Della Rocca/Santander

Della Rocca/Santander

Júlio, um formando da PUC paulistana que começou no Estadão como estagiário no Jornal da Tarde em 1998, é hoje, como um dos maiores especialistas em música brasileira, autor de duas biografias (“Elis Regina – Nada será como antes” e “Santificado Est – Frei Galvão, o primeiro santo brasileiro”). E também é dos palestrantes na segunda mesa de debates da Semana Estado de Jornalismo. Aos estudantes presentes, pediu “sangue nos olhos”, disse acreditar na necessidade de pessoas capazes de contar boas histórias e defendeu a presença de matérias sobre produção biográfica nas faculdades brasileiras.

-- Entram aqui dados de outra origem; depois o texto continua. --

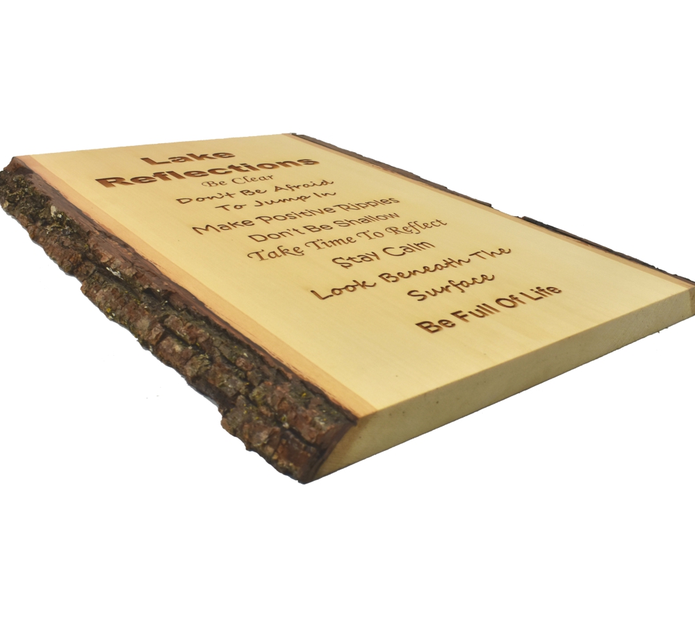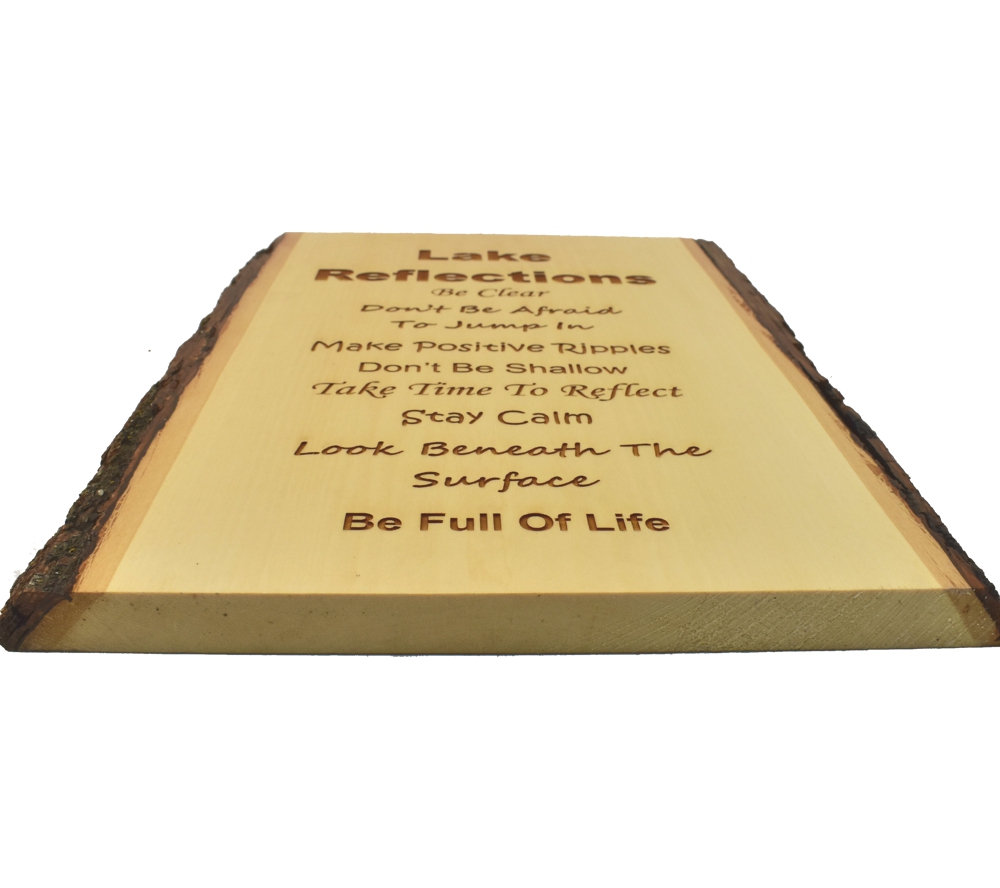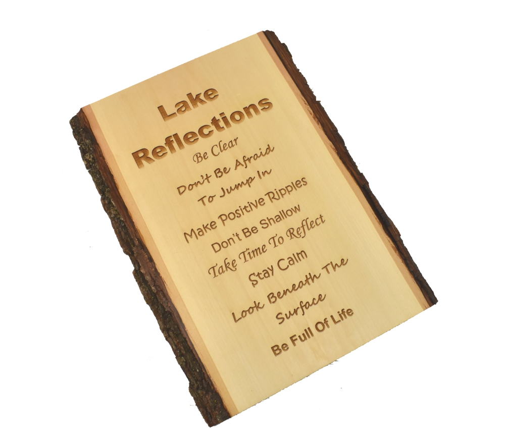 The wit and wisdom of the Lake Reflections live edge sign from Whitetail Woodcrafters is a unique way to decorate your home or lake house. These rustic signs are handcrafted in our shop from solid basswood for a quality and character you won’t find anywhere else. Whether you give this laser engraved wood sign as a gift or display it in your own home, it is sure to impress all who see it.

O sucesso e a longevidade da carreira de Júlio no Estadão podem são frutos, segundo ele mesmo, da paciência em crescer na carreira, gostar daquilo que faz e, principal. “Foi uma longa jornada. Mas eu diria que quando eu cheguei lá, eu já estava preparado, conhecendo as pessoas e as fontes”. O segredo do sucesso ele não esconde: perseverança sobre a própria carreira – como num bom samba do disco Elis&Tom, o seu disco favorito: “deu certo, não atropelei o tempo das coisas”.